オオォォォォォォッッッ!!!という雄叫びが聞こえてきた。その数は一つではなく、軽く十は超える数だ。それらは一斉に女へ襲い掛かる。
「チッ!!」
女は舌打ちをしながらそこから飛び退く。そして腰の剣を鞘から抜き取り、臨戦態勢に入る。影は、アドルフを守るように囲み、女と対峙する。
「大丈夫かね。もう安心だぞ。」
遅れてもう一つ影がアドルフに歩み寄り、優しく声をかける。その影の正体は人間の『男たち』だった。
「あ、ああ・・・悪い。助かった。」
「礼はまだ早い。あの女をまずはどうにかしないとな。」
アドルフに歩み寄った男は立ち上がり、女の方を向いて叫ぶ。
「女よ!今すぐここから立ち去れ!!」
「うるさいわね。これだけの男、みすみす見逃す訳ないでしょ。あんたらこそ、死にたくなかったらおとなしくしなさい。」
数では圧倒的な差があるにも関わらず、女に焦りは見えない。それほどの自信があるのだろう。

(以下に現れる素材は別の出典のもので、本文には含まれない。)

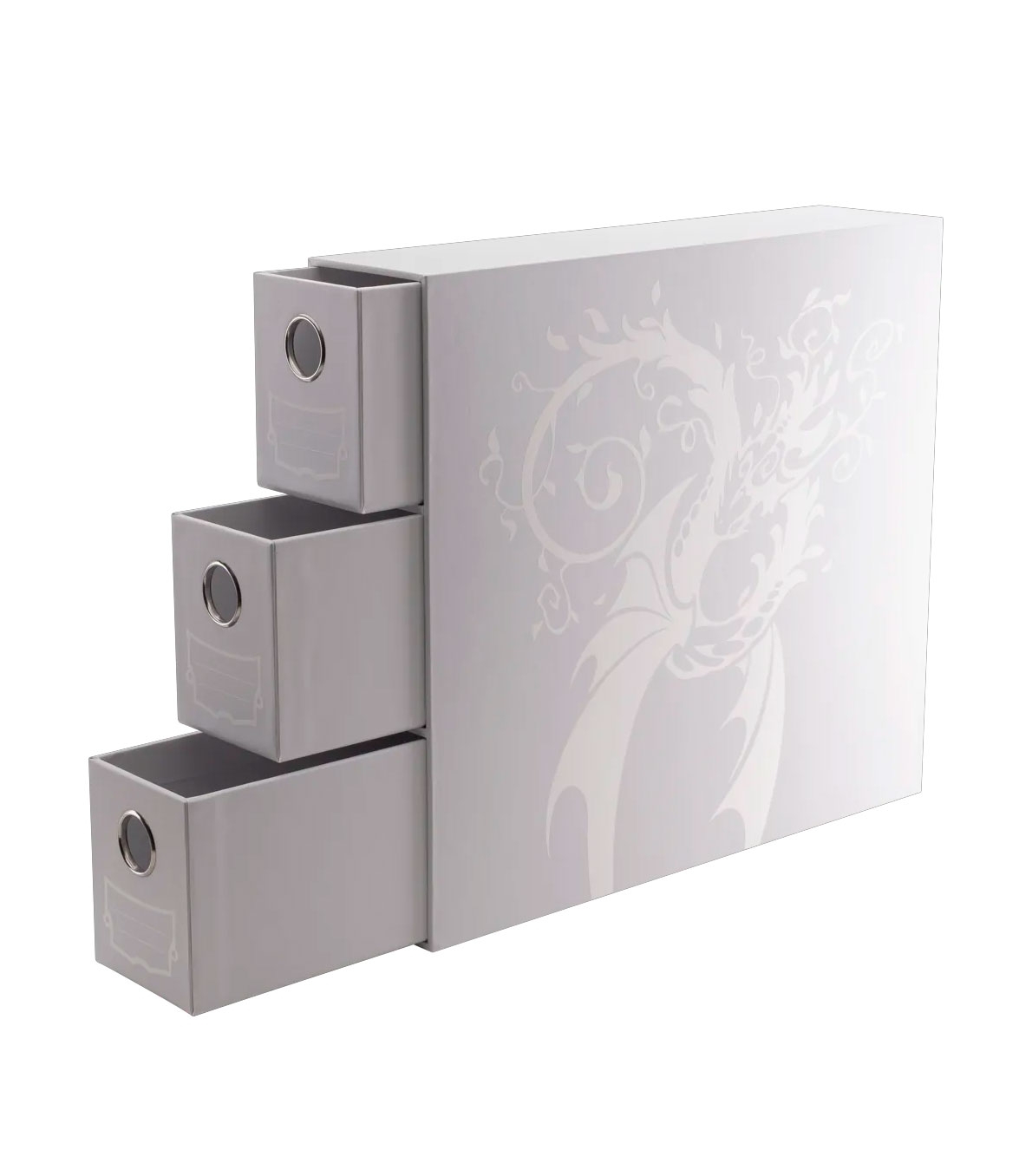 Fortress Card Drawers es una solución de almacenamiento segura, elegante y organizada para colecciones de TCG, perfecta para mantener tus cartas protegidas, ordenadas y fácilmente accesibles en la estantería. Dispone de 3 cajones con capacidad para más de 570 cartas con funda simple, 7 cajas de fundas Dragon Shield o 20 Cube Shells cada uno. Incluye separadores de espuma para fijar y organizar la colección, con posibilidad de añadir separadores adicionales. Fabricado en cartón rígido con superficie resistente a arañazos y una paleta de colores discreta que se integra fácilmente en cualquier estantería. Medidas: 86 × 319 × 363 mm; interior por cajón: 71 × 96 × 352 mm.

「我々はお前が手出しをしないのであればこちらも手を出すつもりはない。しかし、もちろんだが一人もお前らの手に渡そうという気はない。」
「ふーん。じゃあ痛めつけてからお持ち帰りするしかないわね。」
女はそう言うと、何やらぶつぶつと唱え始める。
「詠唱をさせるな!!いくんだ!!!」
その言葉に、男たちは一斉に女の方へと向かう。しかし。
「【風刀】!!」
女は掛け声とともに、剣を一閃横に振るう。ビュオッ、という女と男たちの間には幾分か距離があったにも関わらず、男数人から血しぶきが上がる。女の攻撃を受けなかった男たちは急いで足を止め、崩れ落ちる男たちのもとへとかけようとする。しかし、女は再び詠唱を始めていた。
「ッ!!気を付けろ、また何か来るぞ!!」
「【雷撃】!!」
今度は女の掌から数本の稲妻が男たちへ襲い掛かる。稲妻の動きはコントロールできていないのか、咄嗟に飛び退いた者はかわすことができ、またなんとか身を反らしたものは足や腕にあたるだけで済んだ。しかし先の攻撃を受けた者、それをかばおうとしたものは直撃を受け、煙を上げながら倒れる。
「あ、やばい。死んじゃったかな?まあちょっとくらいはいいか。」
対する女は何の気兼ねもしていない様子だ。目の前に転がる男の死体を剣先でつついている。
(なんだよ、アイツ・・・)
せっかく自分を助けに来てくれた男たちであったが、女には手も足も出ないでいた。数人は恐らく絶命している。
「君!!私たちのことはいいから早く逃げるんだ!!」
しかし、先ほどアドルフに声をかけてくれた男はなおもアドルフを助けようとしていた。自らは雷撃を右腕に受けているのにも関わらず。
その姿を見て、アドルフはふらふらと立ち上がる。
「あんたは絶対逃がさないわよー。こいつらより絶対価値あるからね。」
女がアドルフを見て言う。それに対し、男たちはわずかながらに武器を持つ手に力が入る。意地でもアドルフを守ろうというのだろう。
「なさけねー…ホントになさけねー…女一人に何もできねえのかよ…」
アドルフはつぶやく。そして足を動かす。女に背を向けて。
「ったくよ。転生とか訳がわからん上に、敵は強すぎ。俺の力はよくわからん。最悪じゃねえか。」
ブツブツとつぶやきながら、歩みを進める。なぜか、その場の全員がその姿を見つめていた。なぜなら、
「クソがァァァァァァァァッ!!!」
ゴン!!!と、アドルフは自らの額で木を打つ。額が切れ血が流れ出す。しかしおかげで、朦朧としていた意識は醒めた。
「本当に情けねえよ、俺。」
アドルフは振り返る。その瞳には、先ほどはなかった光が満ちている。
―なぜなら、その場にいた全員が彼からただならぬ恐怖心を感じ取ったからである。